Primary Outcomes (1)

• Live birth after one treatment cycle

  Live birth will be defined as the complete expulsion or extraction from a woman of a product of fertilization, after 22 completed weeks of gestational age; which, after such separation, breathes or shows any other evidence of life, such as heart beat, umbilical cord pulsation or definite movement of voluntary muscles, irrespective of whether the umbilical cord has been cut or the placenta is attached.

  At 22 weeks of gestation

Secondary Outcomes (31)

• Duration of stimulation

  During the intervention

• Number of follicles ≥14mm on day of hCG

  During the intervention

• Endometrial thickness on day of hCG

  During the intervention

• Cycle cancellation

  At 21 day of the ovulation induction cycle

• Ovulation

  At day 7 after the hCG injection

Study Arms (2)

Combination of LE and CC group

ACTIVE COMPARATOR

5 milligrams LE per day (Femara® 2.5 milligrams, Novartis, Switzerland) and 50 milligrams CC (Duinum 50 milligrams, Medochemie, Cyprus) per day, starting on the second to the fourth day of the cycle, for five consecutive days.

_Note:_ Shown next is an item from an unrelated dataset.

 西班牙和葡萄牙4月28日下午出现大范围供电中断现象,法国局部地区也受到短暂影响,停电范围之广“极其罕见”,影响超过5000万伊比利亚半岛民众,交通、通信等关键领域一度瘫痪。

Procedure: IUI or intercourse

LE alone group

ACTIVE COMPARATOR

5 milligrams LE per day (Femara® 2.5 milligrams, Novartis, Switzerland), starting on the second to the fourth day of cycle, for five consecutive days.

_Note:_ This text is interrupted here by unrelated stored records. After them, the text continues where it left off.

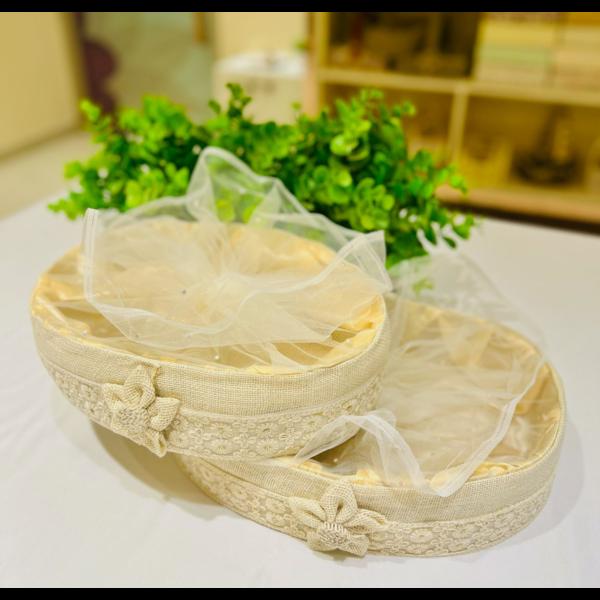 DRY FRUIT BASKET WITH NET Introducing our beautifully crafted potli basket, perfect for adding a touch of elegance to any gift-giving occasion. This unique basket features a delicate net cover to keep your items secure and a charming flower at the centre. this potli an eye-catching choice for presenting gifts this potli basket ensures that your gift stands out with its blend of functionality and style. we are whole seller of dry fruit boxes manufacturer at Delhi. Elevate your gift-giving experience with this exquisite and versatile potli basket, designed to impress and delight.
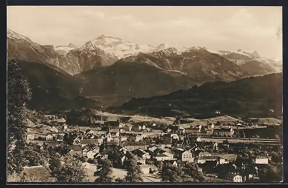 AK Ennenda, Ortsansicht mit Bergpanorama
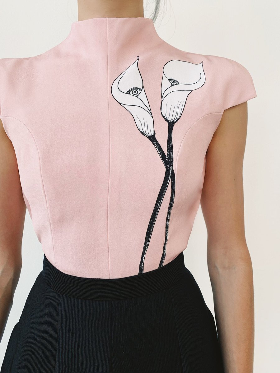 #HoganMcLaughlin#ss20 details- blush pink silk crepe top featuring ‘Lillies’ illustrated by@bill_crisafipic.twitter.com/uzg22gRmw6
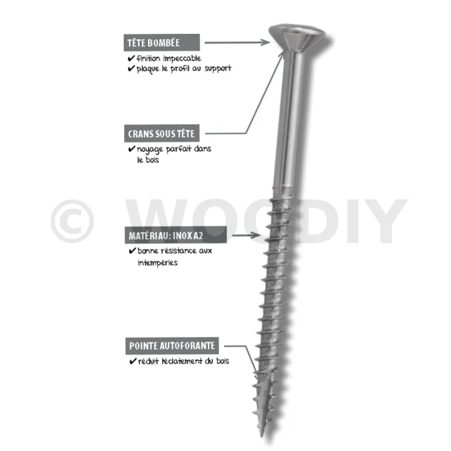 L’INOX A2 convient dans la plupart des situations. Mais si votre terrasse en bois est bâtie autour d’une piscine, ou à moins de 50km des cotes, alors c’est de l’INOX A4 qu’il vous faut.
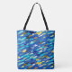 Tote Bag École de poisson, bleu foncé, blanc et turquoise
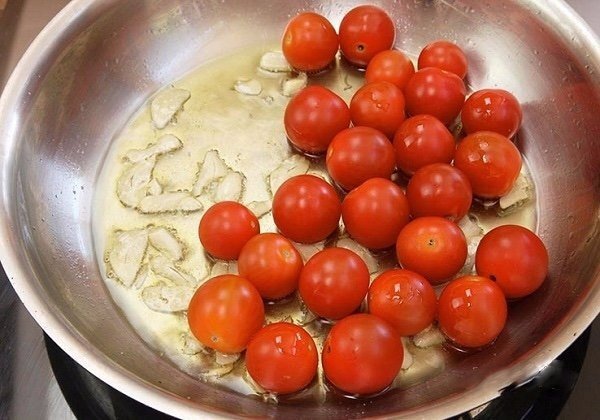 1. На сковороду отправьте оливковое масло. Очистите и нарежьте пластинками чеснок. Выложите на сковороду и обжарьте пару минут. Добавьте помидоры, предварительно вымыв и обсушив их.
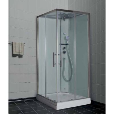 Акриловый поддон высотой 20 см со сьемным экраном. Диаметр сифона для поддона 90mm. Стеклянные задние стенки белоснежного оттенка. Раздвижные двери толщиной 6 мм. Двойные роллики. Анодированный, алюминиевый, хромированный профиль. Фирменый термостатический смеситель Timo. Верхний, боковой тропический душ. Душевая массажная лейка. Полочка и ручки из нержавеющей стали. БЫСТРАЯ ТЕХНОЛОГИЯ СБОРКИ — соединение профилей замочного типа.

Procedure: IUI or intercourse

Interventions

IUI or intercourse PROCEDURE

5 milligrams LE per day (Femara® 2.5 milligrams, Novartis, Switzerland) and 50 milligrams CC (Duinum 50 milligrams, Medochemie, Cyprus) or 5 milligrams LE per day (Femara® 2.5 milligrams, Novartis, Switzerland) will be started on the second to the fourth day of the cycle, for five consecutive days. An ultrasound will be carried out three days after the last dose of medicine (day 8 of OI) to evaluate ovarian follicles' growth and the endometrium's thickness. If the follicular diameter reach ≥14 millimetres, check-up will be planned every two days until it reaches 18 millimetres. If there is the appearance of at least one follicle reaching 18 millimetres or more, a human chorionic gonadotropin (hCG) injection (IVF-C 5000 IU, LG Life Science, Korea) will be administered on the same day of the ultrasound in order to induce ovulation. IUI will be scheduled 36 - 38 hours after hCG injection or intercourse will be scheduled in the next day.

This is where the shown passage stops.